A game updates at a fairly regular, fairly high frequency (e.g. 30 or 60 frames per second). But network packets about game state (from other players) arrive at a much lower frequency. e.g.

Good ping:
Update + network packet
Update
Update
Update + network packet
Update
Update
Update + network packet
...


Bad Ping:
Update + network packet
Update
Update
Update
Update
Update
Update + network packet



To cope with this, the game will predict, based on the last known information, where each player will be for the updates between network packets. e.g. if the last packet says player A is moving north at 200mph, that is what the system will continue have him doing until a packet arrives to tell it otherwise.

This explains why people jump all over the place when a game is laggy.
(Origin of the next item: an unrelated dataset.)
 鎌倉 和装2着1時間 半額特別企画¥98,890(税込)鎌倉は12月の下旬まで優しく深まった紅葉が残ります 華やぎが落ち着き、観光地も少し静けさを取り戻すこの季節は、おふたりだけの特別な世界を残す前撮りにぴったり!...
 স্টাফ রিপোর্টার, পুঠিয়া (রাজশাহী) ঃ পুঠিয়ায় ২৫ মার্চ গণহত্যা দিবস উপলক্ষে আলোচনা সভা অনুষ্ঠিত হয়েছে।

The game is not getting status updates frequently so is running linear predictions for too long. Then it adjusts when new status information arrives and on your screen player A jumps from where the system thought he would be to where the system has now been told he actually is.
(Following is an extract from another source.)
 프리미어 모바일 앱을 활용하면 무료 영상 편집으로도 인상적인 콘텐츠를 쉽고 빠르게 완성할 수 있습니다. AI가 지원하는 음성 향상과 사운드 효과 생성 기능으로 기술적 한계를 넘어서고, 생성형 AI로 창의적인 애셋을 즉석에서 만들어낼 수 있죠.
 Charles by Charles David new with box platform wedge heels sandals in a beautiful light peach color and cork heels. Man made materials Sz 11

This also explains why incredibly quick events often don't register. Ever had problems getting an online takedown on Burnout? Or knifing someone on Call of Duty or Battlefield? This is why.

The problem is also made even worse by changing from a TCP protocol for match-making and the lobby, to UDP for in-game communication. TCP is a slower protocol, but guarantees packet delivery, whereas UDP is faster but packets can and will go missing now and then.

But there's also a lot of other factors that come into it that are beyond my knowledge, and there are many different ways of going about implementing netcode and packet loss coping. There is also the difference between dedicated servers and peer-to-peer systems.

So to answer your question, I think it's less a case of miscalculating bullet projection and more a case of misrepresenting target location. If that makes sense...?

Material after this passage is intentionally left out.